The black widow previously shared its deadly reputation with the brown recluse, which does provide a venomous bite, but one that is rarely fatal. True to their name, they tend to live and breed in dark, secluded places. People are unlikely to come in contact with brown recluses unless they pick up objects or pull on clothing the the spider has long considered home.
Beware the buzz: Bees, wasps, hornets and friends
Flying fiends send more than half a million people in the US to the emergency room each year, according to the National Pest Management Association. Because they pollinate flowers, bees are more friend than fiend, but they still pack a sting.

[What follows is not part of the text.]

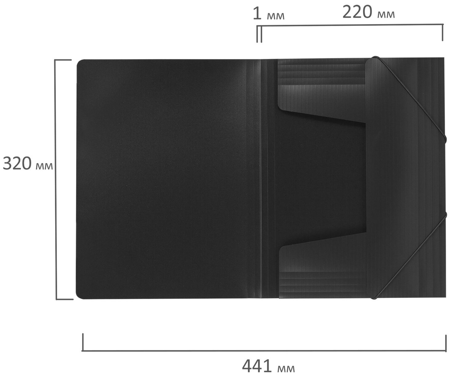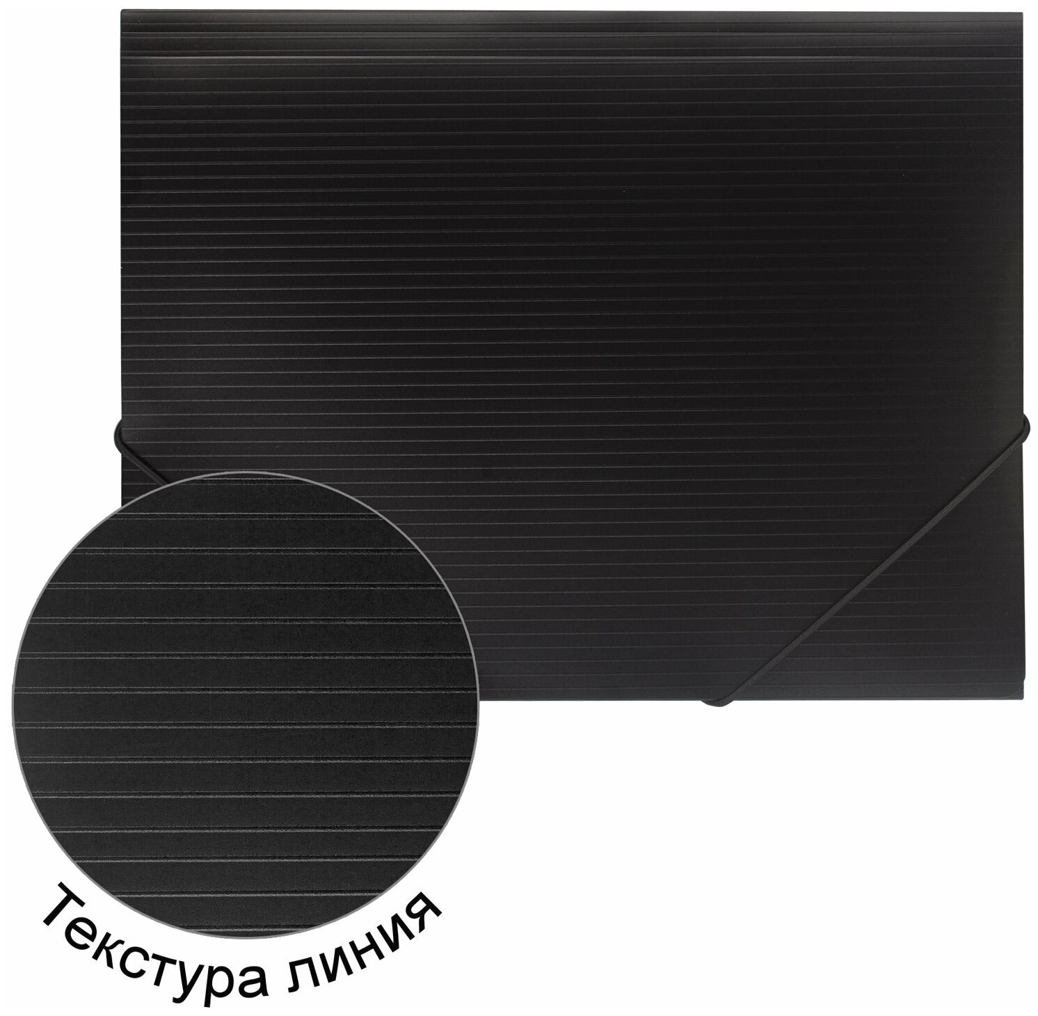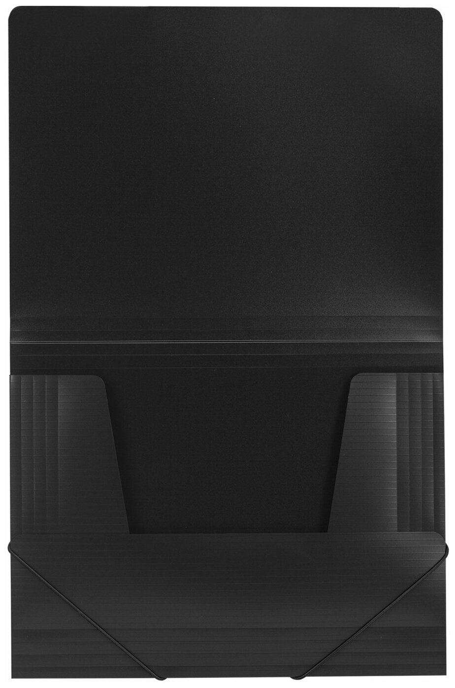 Папки бизнес-класса изготовлены из высококачественного пластика с оригинальной линейной фактурой. Клапаны папки надежно удерживают документы внутри. Резинки плотно закрывают папку.

Pest World offers a handy guide to distinguishing bumble bees, carpenter bees and honey bees as well as a rundown of the habitats and characteristics of baldfaced hornets, paper wasps - which will sting upon being touched - mud daubers and yellow jackets.
The common housefly, always on the scene in the summer, is often seen as a mere annoyance. They don't bite, but the swatter-targets are up to insidious things. They use their spongy mouths to release their saliva onto their food - yes, your food, the stuff they're landing on - to turn it into liquid form and soak it back up.
And that's the least shocking thing about flies. They're suspected carriers of more than 65 diseases, including typhoid fever, dysentery, cholera, anthrax, tuberculosis and plenty more, reports the Penn State Department of Entomology. Their favorite hangouts? dumps, sewers, decaying stuff.
Some of the biggest and loudest bugs winged bugs - cicadas - can only hurt your levels of sound tolerance. They are enormous and ominous-looking, but you're more likely to hear them than see them - they live off fluids in trees, not blood.
While some species of cicada only drop by every two decades or so, some come to visit every summer. You'll know when.